Make Process model the single source of truth for all subprocess operations:

Hook execution
PID tracking
stdout/stderr capture
Process lifecycle (launch, wait, terminate)

Design

# hooks.py - Thin wrapper
def run_hook(...) -> Process:
    """
    Run a hook using Process model (THIN WRAPPER).

    Returns Process model instance for tracking and control.
    """
    from archivebox.machine.models import Process

    # Build command
    cmd = build_hook_cmd(script, kwargs)

    # Use Process.launch() - handles everything
    process = Process.objects.create(
        machine=Machine.current(),
        process_type=Process.TypeChoices.HOOK,
        pwd=str(output_dir),
        cmd=cmd,
        env=build_hook_env(config),
        timeout=timeout,
    )

    # Launch subprocess
    process.launch(background=is_background_hook(script.name))

    return process  # Return Process, not dict


# worker.py - Use Process methods
class SnapshotWorker:
    def _run_hook(self, hook_path, ar) -> Process:
        """Fork hook using Process model."""
        process = run_hook(
            hook_path,
            ar.create_output_dir(),
            self.snapshot.config,
            url=self.snapshot.url,
            snapshot_id=str(self.snapshot.id),
        )

        # Link ArchiveResult to Process
        ar.process = process
        ar.save()

        return process

    def _wait_for_hook(self, process, ar):
        """Wait using Process.wait() method."""
        exit_code = process.wait(timeout=None)

        # Update AR from hook output
        ar.update_from_output()
        ar.status = ar.StatusChoices.SUCCEEDED if exit_code == 0 else ar.StatusChoices.FAILED
        ar.save()

    def on_shutdown(self):
        """
        Terminate all background hooks in parallel with per-plugin timeouts.

        Phase 1: Send SIGTERM to all in parallel (polite request to wrap up)
        Phase 2: Wait for all in parallel, respecting individual plugin timeouts
        Phase 3: SIGKILL any that exceed their timeout

        Each plugin has its own timeout (SCREENSHOT_TIMEOUT=60, YTDLP_TIMEOUT=300, etc.)
        Some hooks (consolelog, responses) exit immediately on SIGTERM.
        Others (ytdlp, wget) need their full timeout to finish actual work.
        """
        # Send SIGTERM to all processes in parallel
        for hook_name, process in self.background_processes.items():
            os.kill(process.pid, signal.SIGTERM)

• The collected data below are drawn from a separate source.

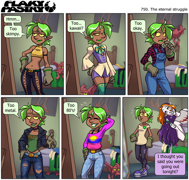 Updated! This week, on Flaky pastry... happy new year! Hope you're ready for it. Also page 750? That's some kind of milestone, I think! 3/4 of the way to 1000... Some things for you to try this year if you haven't yet! Like the Flaky Pastry Facebook page! Come chat on the Flaky Pastry Discord channel! Check out the Flaky Pastry Wiki, and contribute if you like! Vote for Flaky Pastry on TopWebcomics? I also have a deviantArt gallery, in case you didn't know!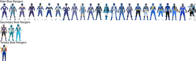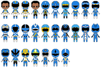 Here is yet another Power Ranger tribute, this time, of Blue Rangers. This also includes the Ninja Storm, Navy Thunder Ranger, the Jungle Fury Shark Spirit Ranger, and my fan made Pokéball Blue Ranger. Can anyone guess which color I'm going to do next?Update: Added the new Dino Charge Blue Ranger.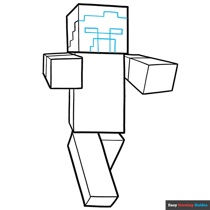 صورت زامبی رو با چهار تا مستطیل و یه شکل شبیه “L” برعکس بکش. بالاش هم چندتا خط صاف اضافه کن.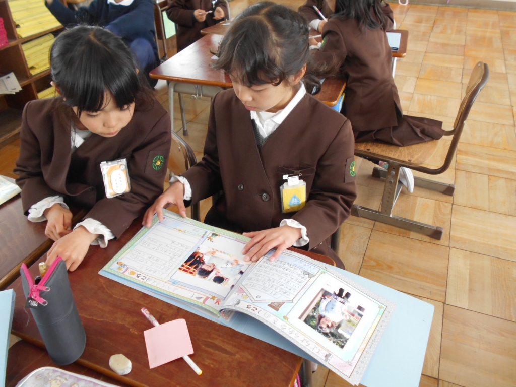 どの学年も学年のまとめや作品の整理をしています。2年生は、友達の成長のアルバムを見あいながら感想を書いていました。3年生は、作品の額を作っていました。
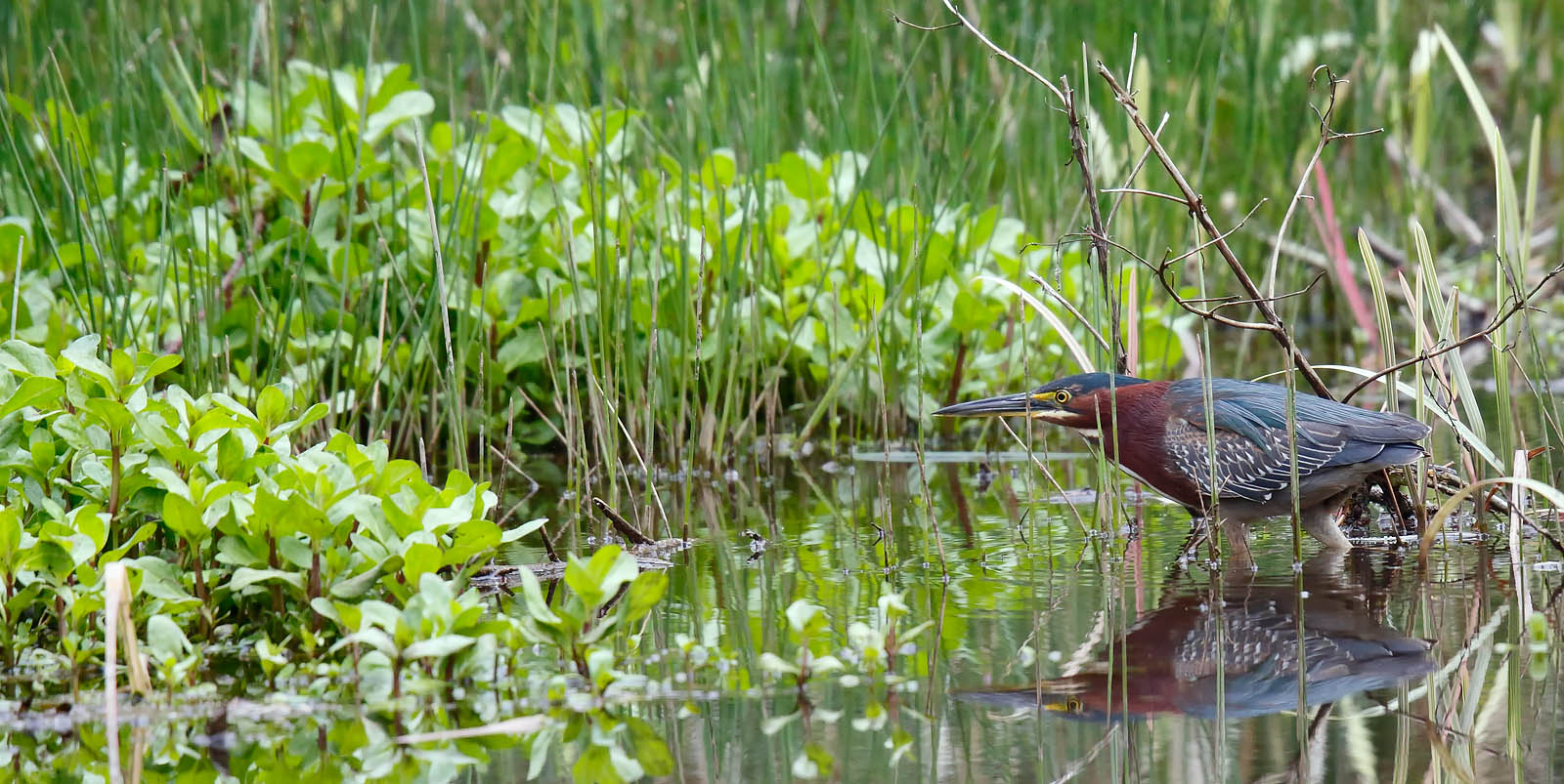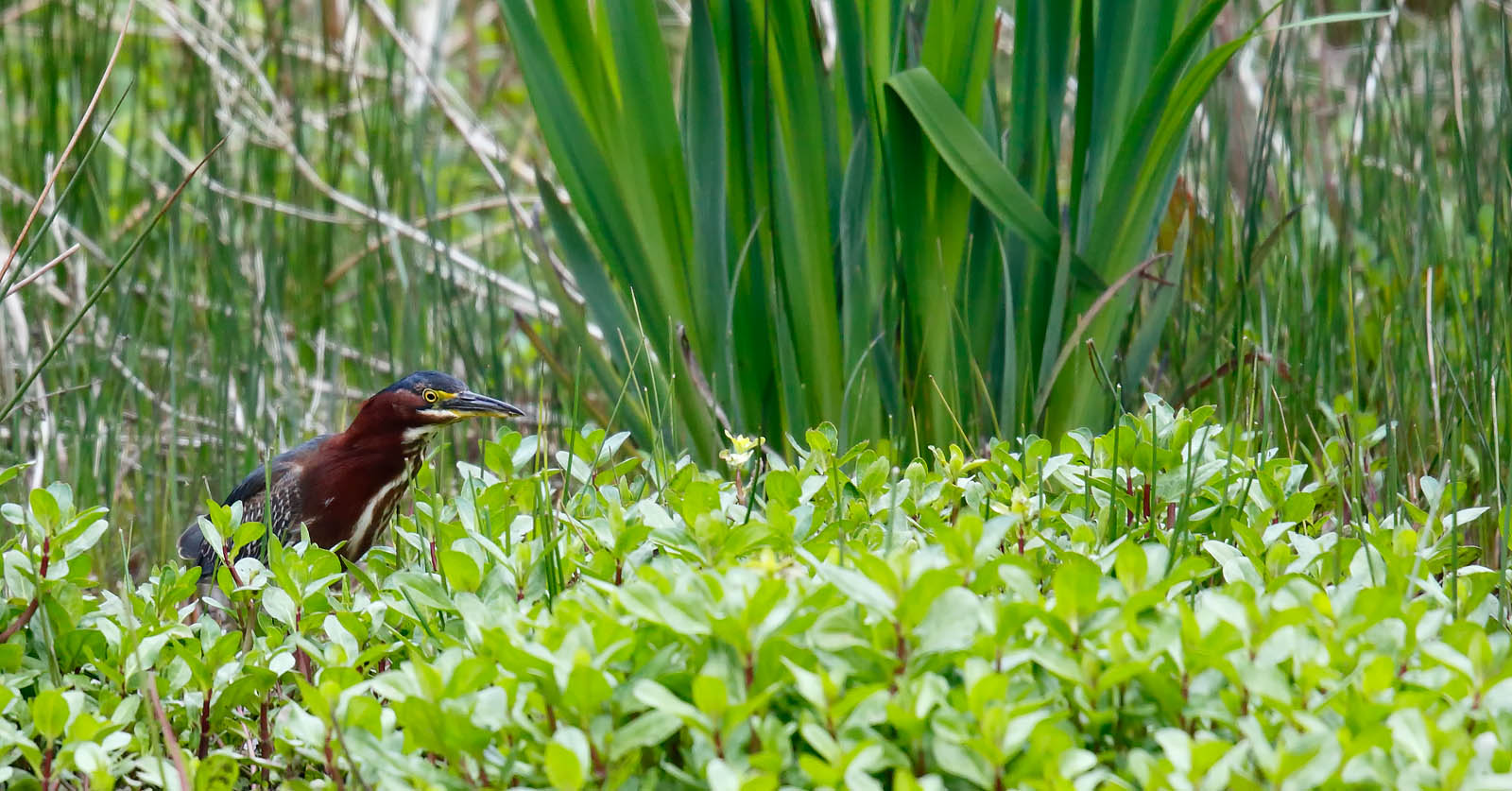 A first winter Green Heron, a North American species and a rare vagrant to Britain, had been found in a garden in the small Pembrokeshire village of Narberth. The bird had taken up residence in a large pond in the garden of a local resident, who kindly opened up his premises to visiting birders. The Green Heron had been present for well over a week and fortunately was still faithful to the pond on Friday 4th May when we set off to spend the weekend with my cousin in the Welsh seaside town of Tywyn. I decide to do a rather large De-Tour in order to see the bird. A three and half hour drive to Narberth, three hours on the bird, then two and half hours to Tywyn. Well worth the effort though and much better views than the one I saw in Lincolnshire many years ago.
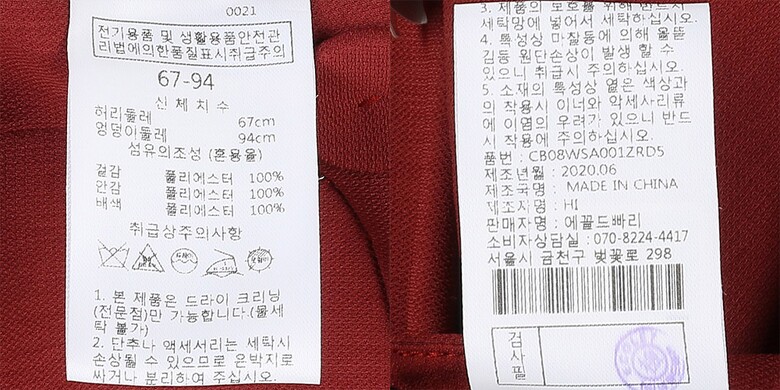 | 1. 제품 소재 (섬유의 조성 또는 혼용률을 백분율로 표시, 기능성인 경우 성적서 또는 허가서) | 겉감:폴리에스터100% 안감:폴리에스터100% 배색:폴리에스터100% |

        # Build per-process deadlines based on plugin-specific timeouts
        deadlines = {
            name: (proc, time.time() + max(0, proc.timeout - (time.time() - proc.started_at.timestamp())))
            for name, proc in self.background_processes.items()
        }

        # Poll all processes in parallel - no head-of-line blocking
        still_running = set(deadlines.keys())
        while still_running:
            time.sleep(0.1)
            for name in list(still_running):
                proc, deadline = deadlines[name]
                if not proc.is_running():
                    still_running.remove(name)
                elif time.time() >= deadline:
                    os.kill(proc.pid, signal.SIGKILL)  # Timeout exceeded
                    still_running.remove(name)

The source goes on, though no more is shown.